Roger Scruton regte zahlreiche Diskussionen in den Bereichen Politik, Ästhetik, Umwelt, Ethik und Religion an und war als freiberuflicher Schriftsteller und Kolumnist tätig, wodurch er seine Ideen einem breiteren Publikum zugänglich machen konnte.

Scruton vertritt im Rahmen seines Konservativismus die Ansicht, dass gesellschaftliche Institutionen und Traditionen von essenziellem Wert sind und bewahrt werden sollen, da sie die Grundlage für ein stabiles und sinnvolles Gemeinwesen bilden. Diese Betonung der Kontinuität und Stabilität steht im Gegensatz zu progressiven Ansätzen, die unter Überschätzung menschlicher Vernunft blind Veränderung und Innovation priorisieren.

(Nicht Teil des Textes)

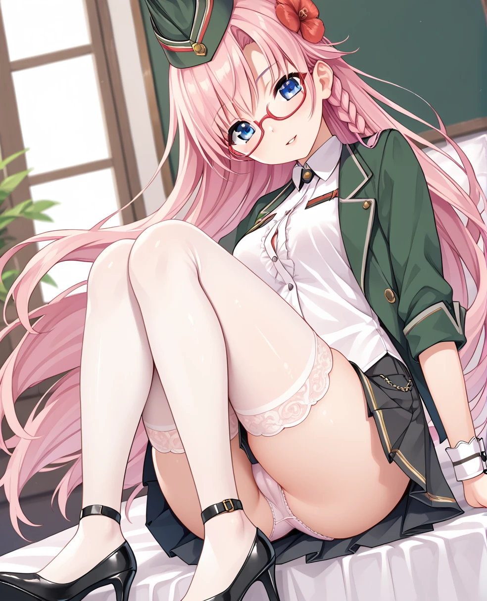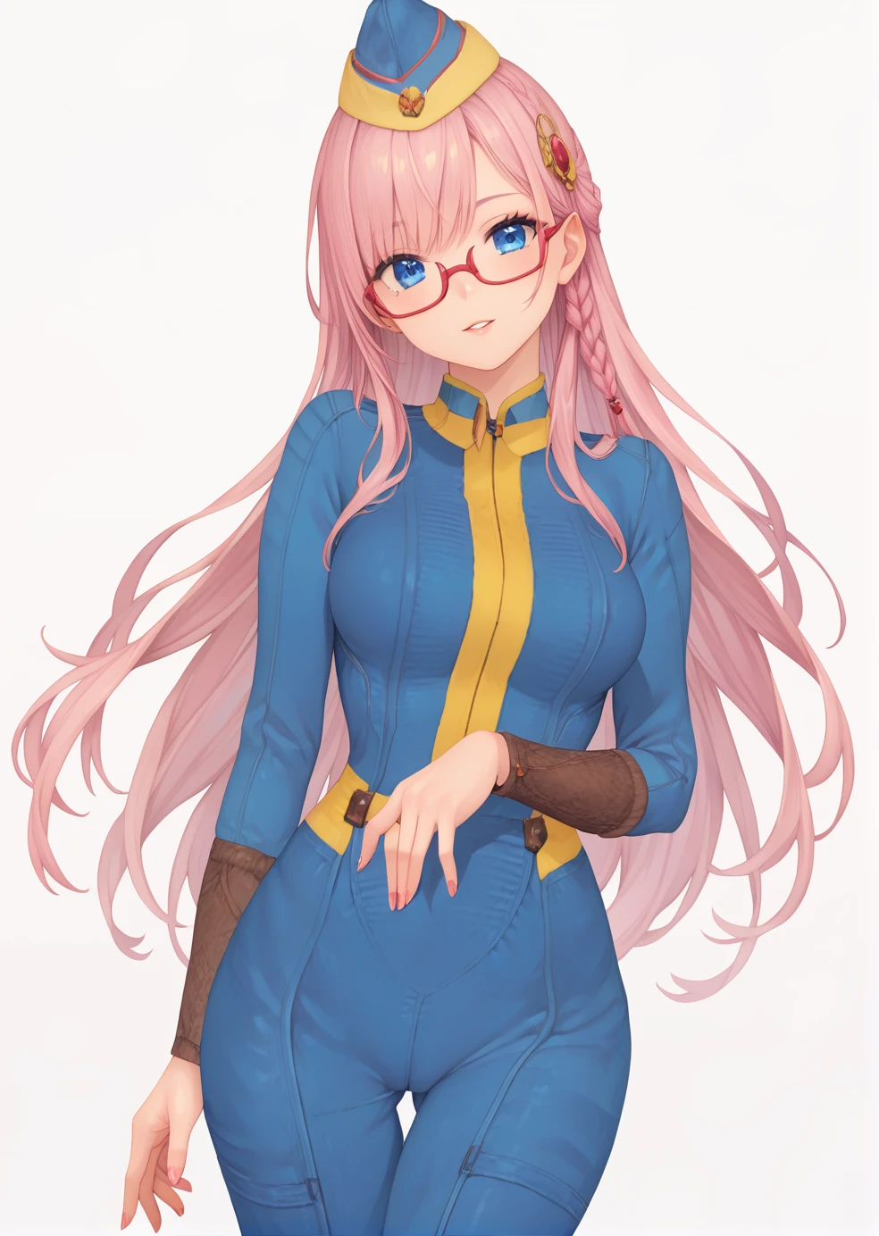 fnp-9, pink hair, blue eyes, hat, hair ornament, red glasses, long hair

In der politischen Philosophie hat sich Scruton intensiv mit Fragen der Staatsgewalt, der Demokratie und der individuellen Freiheit auseinandergesetzt. Er kritisiert den zunehmenden Einfluss des Staates auf das individuelle Leben und betont die Bedeutung begrenzter Regierungsmacht sowie die Bewahrung der bürgerlichen Freiheiten. Sein Werk „Conservatism: An Invitation to the Great Tradition“ bietet einen tiefgreifenden Einblick in seine politischen Überzeugungen und Argumente.

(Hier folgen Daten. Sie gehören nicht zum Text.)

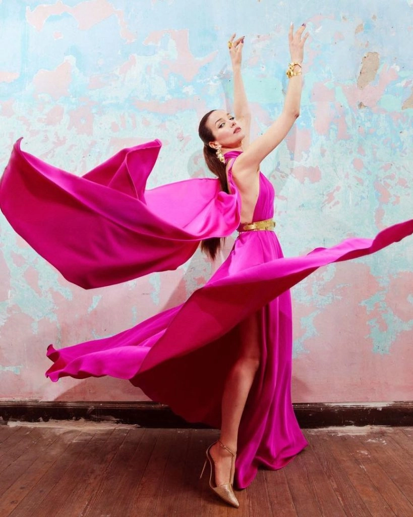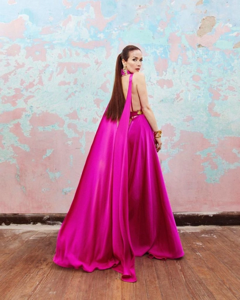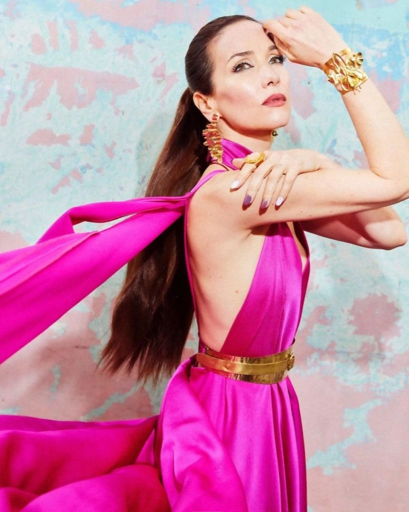 El tono fucsia se complementó con detalles y bijou en dorado, que hacían parecer a la uruguaya una princesa del Medio Oriente: aros, brazalete, anillos y un cinturón.

Scruton argumentiert dafür, dass der Konservatismus eine tiefe Wertschätzung für die organische Entwicklung von Gesellschaften hat, die über Jahrhunderte hinweg gewachsen sind, und dass Veränderungen behutsam und bedacht angegangen werden sollten, um mögliche negative Auswirkungen zu vermeiden. Er legt Wert darauf, dass der Konservatismus nicht bloß ein Widerstand gegen Veränderung sei, sondern eine positive Vision für eine Gesellschaft bietet, die auf der Würdigung von Tradition, Ordnung und individueller Verantwortung basiert.

Darüber hinaus hat sich Scruton auch mit Fragen der Ästhetik und Kultur beschäftigt. Er verteidigt die Idee, dass Kunst und Schönheit objektive Qualitäten besitzen und nicht nur eine Frage persönlicher Vorlieben sind.

Roger Scruton bemüht beim Thema Schönheit das Begehren nach einer Person. Es gibt Menschen, die uns förmlich „anziehen“ würden. Diese Anziehung vermische sich mit sexuellem Begehren, aber nicht nur. Wenn es sich wirklich nur um eine rein körperliche Begierde handeln würde, wäre es nachrangig, mit wem wir diese Begierde ausleben würden.

Roger Scruton meint: „Man befriedigt das sexuelle Begehren nach einer Person nicht, indem man es mit einer anderen abfackelt. Ebenso wenig befriedigt man bei der Lektüre eines Romans die Neugierde, wie die Geschichte ausgeht, weil man unerwarteterweise plötzlich von einem Spielfilm gefesselt wird“.

Das Begehren nach einer Person sei mit dem sexuellen Akt folglich nicht beendet, sondern entstehe ständig neu. Es gehe im wahrsten Sinne des Wortes um die Konzentration auf ein Objekt, das für uns die Kriterien des „Schönen“ und nicht nur des „Angenehmen“ erfülle. Durch diese Schönheit werde das Begehren ständig neu geweckt und erschließe sich uns nicht. Dieses Begehren nach dem Objekt umfasse die Zeit, die wir daran binden wollen.

Ähnlich sei es in der Kunst. Das Kunstwerk „befriedigt“ unser Bedürfnis nach dem Schönen nicht. Dieses Bedürfnis entsteht immer wieder neu. Wir können uns sichtlich nicht „satt“ sehen. Es gibt keinen anderen Zweck als die Schönheit selbst.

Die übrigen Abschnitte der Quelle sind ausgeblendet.